More Information
Teaching
In the past few years, Dr. Birrell has taught the following Agricultural Engineering and Agricultural Systems Technology undergraduate courses:
- AE 340 Functional Analysis and Design of Agricultural Field Machinery
- AE 342 Agricultural Tractor Power
- TSM 330 Agricultural Machinery & Power Management
- TSM 335 Tractor Power
Research
Dr. Birrell's research focus is concentrated in two areas: (1) the development of sensors and controls that can be applied in advanced machinery control and in precision agriculture, and (2) Harvest technologies and biomass harvesting and logistics. Present projects include developing a real-time soil sensor systems for precision nitrogen applications, development of sensors based on dielectric measurements, industry sponsored combine harvesting projects and development of biomass harvesting systems.
Development of harvesting, handling and densification systems for biomass production
The objective of this research focus is the development of harvesting systems, and transportation system to improve biomass harvest field efficiency and reduce costs. The economic analysis has shown capital costs and material density is the primary factor influencing the transportation costs and logistics.
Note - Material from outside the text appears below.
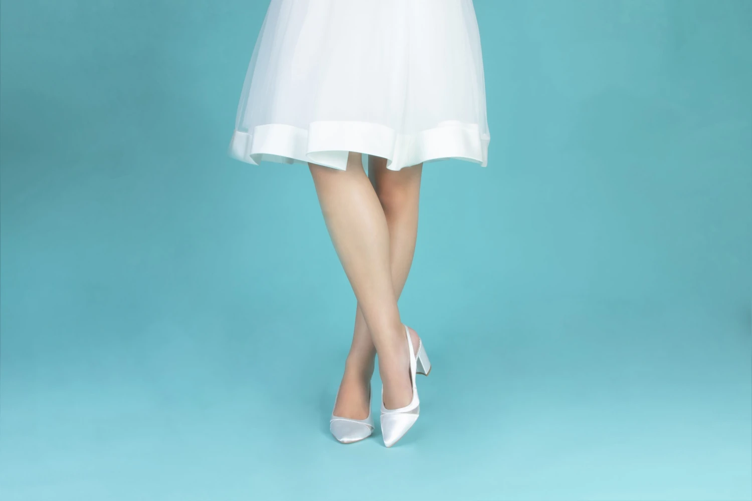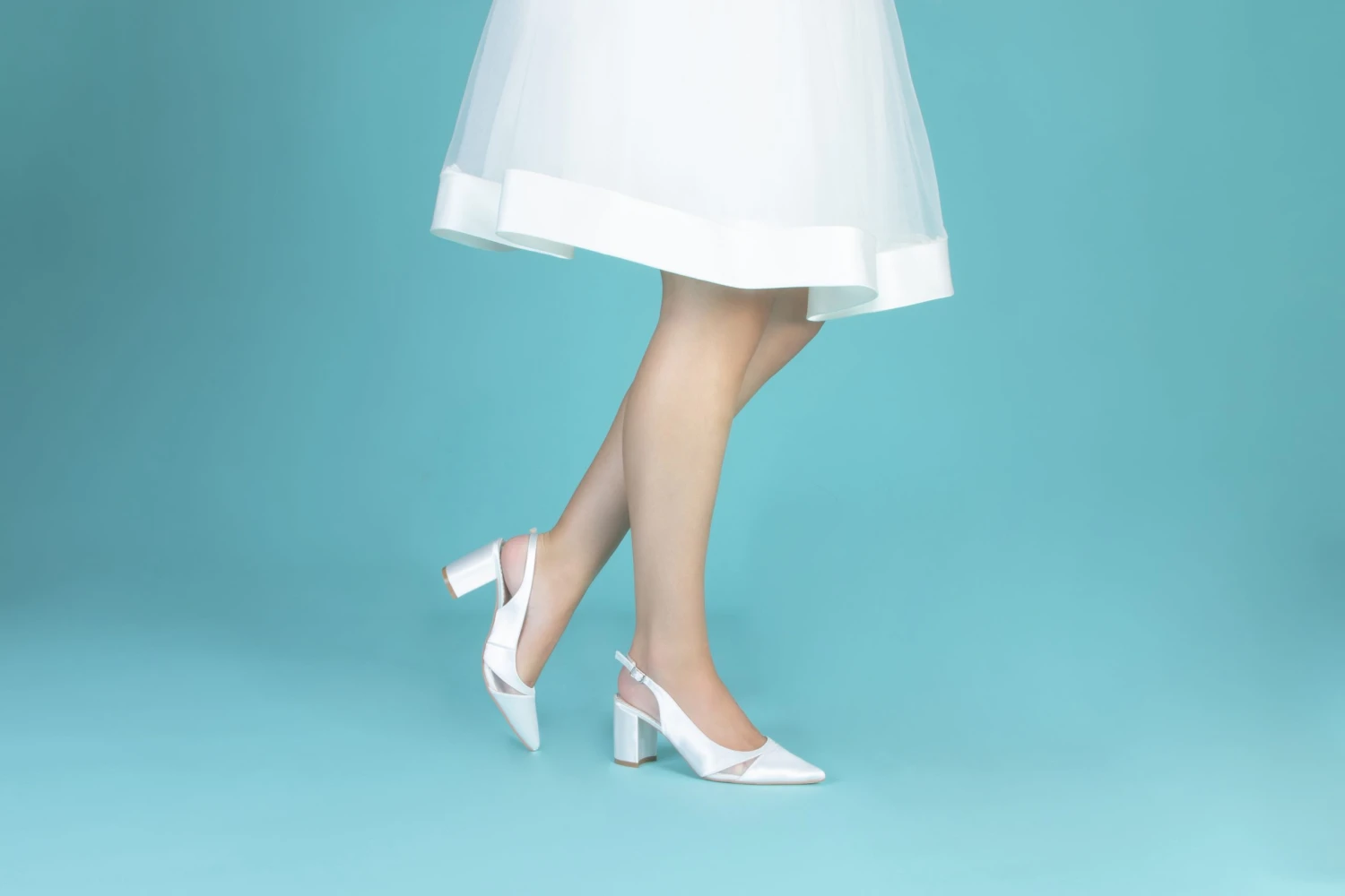 Perfect Bridal Brooke Shoe in Ivory Satin with mesh cut out. Brooke are a satin mid heeled sandal with a fully enclosed pointed toe incorporating the mesh cut out, block heel and sling back to keep you feeling in control. The mesh adds that bit of glam. This shoe is perfect for the whole wedding day and the evening reception, to dance the night away!

The two major limitations to biomass harvest are harvest capacity and transport density, and are the major focus of the future work.
Multifrequency dielectric sensing for hydraulic fluid condition
The objective of this proposed research is to investigate how the dielectric properties of hydraulic fluids vary across the electromagnetic spectrum. Degradation and contamination of the working fluids is the major cause of failures in hydraulic systems. Increases in contaminant levels and changes in fluid properties can be both an indicator of deteriorating component conditions and a cause of component failure. The goal of this study is to provide basic information that would provide the foundation for studies on the development of self-calibrating, hydraulic monitoring and cylinder position sensing sensors using multiple frequency dielectric measurements.
Development of real-time soil analysis systems for precision nitrogen application
The objective of this research is to develop an underground wireless network of soil sensors to monitor soil properties like moisture content, temperature, and soil nitrogen sensors, due to the economic importance of nitrogen fertilizers and the potential environmental effects of ecsess fertilizer applications. The goal is the development of sensors to collect high-resolution spatial and temporal data needed for optimal management of crop inputs, including variable-rate control of irrigation and fertilization applications.